## WHAT NEEDS TO BE DONE
Leaving the pictures aside, restate all of the data exactly.

## INPUT DATA
========
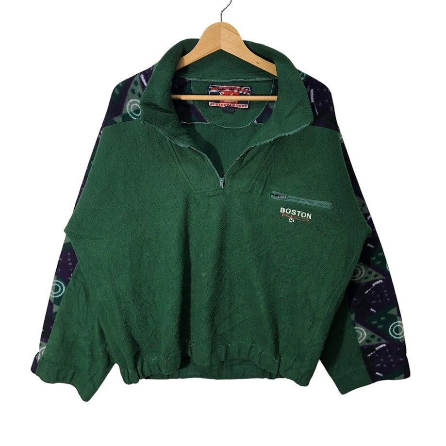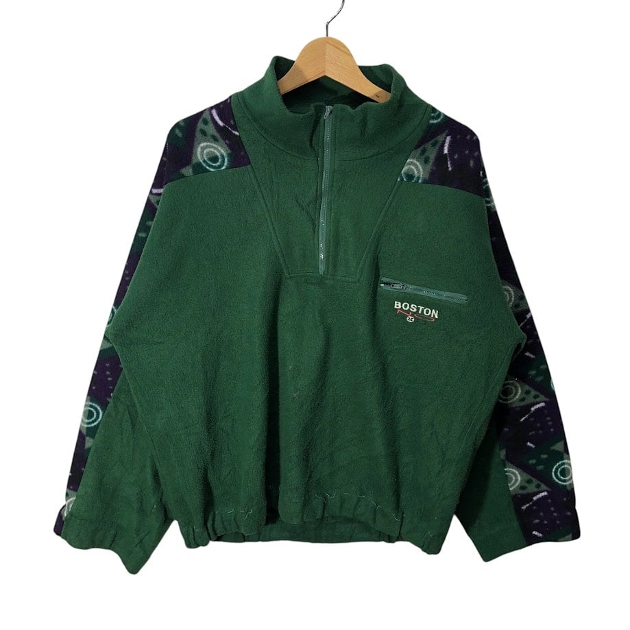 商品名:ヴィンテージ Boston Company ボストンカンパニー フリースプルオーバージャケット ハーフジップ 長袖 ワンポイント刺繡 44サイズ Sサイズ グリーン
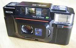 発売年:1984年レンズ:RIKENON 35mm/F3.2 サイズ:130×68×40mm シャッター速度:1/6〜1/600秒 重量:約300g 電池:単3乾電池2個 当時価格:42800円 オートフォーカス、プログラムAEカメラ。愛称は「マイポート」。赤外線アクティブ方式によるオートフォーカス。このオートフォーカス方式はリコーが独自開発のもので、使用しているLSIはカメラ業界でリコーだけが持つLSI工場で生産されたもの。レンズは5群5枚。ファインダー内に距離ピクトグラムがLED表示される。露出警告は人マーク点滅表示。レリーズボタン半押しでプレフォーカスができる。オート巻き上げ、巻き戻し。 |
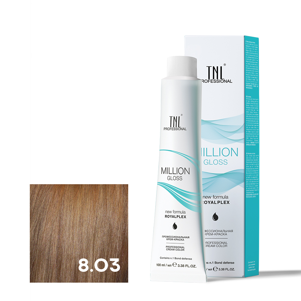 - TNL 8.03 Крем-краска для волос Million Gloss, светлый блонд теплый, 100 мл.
========
## WRITTEN REPLY
 商品名:ヴィンテージ Boston Company ボストンカンパニー フリースプルオーバージャケット ハーフジップ 長袖 ワンポイント刺繡 44サイズ Sサイズ グリーン
 発売年:1984年レンズ:RIKENON 35mm/F3.2 サイズ:130×68×40mm シャッター速度:1/6〜1/600秒 重量:約300g 電池:単3乾電池2個 当時価格:42800円 オートフォーカス、プログラムAEカメラ。愛称は「マイポート」。赤外線アクティブ方式によるオートフォーカス。このオートフォーカス方式はリコーが独自開発のもので、使用しているLSIはカメラ業界でリコーだけが持つLSI工場で生産されたもの。レンズは5群5枚。ファインダー内に距離ピクトグラムがLED表示される。露出警告は人マーク点滅表示。レリーズボタン半押しでプレフォーカスができる。オート巻き上げ、巻き戻し。 |
 - TNL 8.03 Крем-краска для волос Million Gloss, светлый блонд теплый, 100 мл.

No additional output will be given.